It depends. If the data are all in the database and it makes sense to run there to give smaller results, it is relatively simple to do them, so you should do there, otherwise if the most important is to get the raw data where everyone will be needed in the report, the calculations are secondary then you should do in the application.
There is no magic, no cake recipe. I know that nowadays many people who work in IT think that it is just decorating some rules, some solutions and everything is solved. and that was true we would be starting to run out of jobs soon. To know the right answer of this depends on a lot of experience, deep knowledge of computing and understand all the details of the context to give a definitive answer. In fact, not so definitive, just as long as the same criteria and volumes last.
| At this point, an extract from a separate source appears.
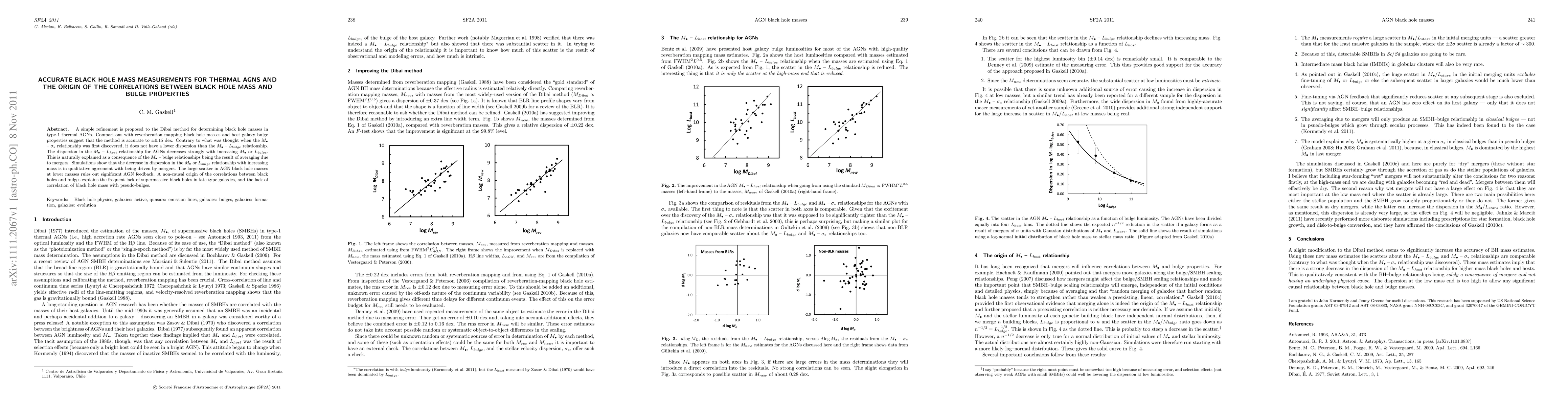 A simple refinement is proposed to the Dibai method for determining black hole masses in type-1 thermal AGNs. Comparisons with reverberation mapping black hole masses and host galaxy bulge properties suggest that the method is accurate to +/- 0.15 dex. Contrary to what was thought when the black hole mass - stellar velocity dispersion ("M - sigma") relationship was first discovered, it does not have a lower dispersion than the black hole mass - bulge luminosity ("M - L") relationship. The dispersion in the M - L relationship for AGNs decreases strongly with increasing black hole mass or bulge luminosity. This is naturally explained as a consequence of the black hole - bulge relationships being the result of averaging due to mergers. Simulations show that the decrease in dispersion in the M - L relationship with increasing mass is in qualitative agreement with being driven by mergers. The large scatter in AGN black hole masses at lower masses rules out significant AGN feedback. A non-causal origin of the correlations between black holes and bulges explains the frequent lack of supermassive black holes in late-type galaxies, and the lack of correlation of black hole mass with pseudo-bulges.

It is not a question of where it is done, but how it is done. It is almost certain that it should not take 21 hours, it is most likely done wrongly and the correct solution is not to decide where to do, is to take less time. There you have a series of techniques to reduce this time, you need to analyze the query (s) to find out where bottlenecks are occurring, and there understanding the operation of the database, changing the queries, the configurations to meet the demand of this case , without disturbing other cases. It's simple? Of course not, so we have jobs and we earn well.
From what you're saying it seems like it will not even make a difference where you're running, but it could be wrong speculation from me because of the lack of question information.
Just remembering that calculation itself is often a tiny part of the processing, the pattern of data access is usually much worse, especially me reports.
In some cases the available hardware is not suitable and causes extreme slowness.
There are scientific methods of observing occurrences to isolate the problem, eliminate the interference, focus on the specific problem, and find the root cause, but this is a general scope and not an infrastructure development or operation.
In some cases it is the fault of existing modeling. What else happens is that people do not understand the power of the index (in others the problem is the abuse of them ).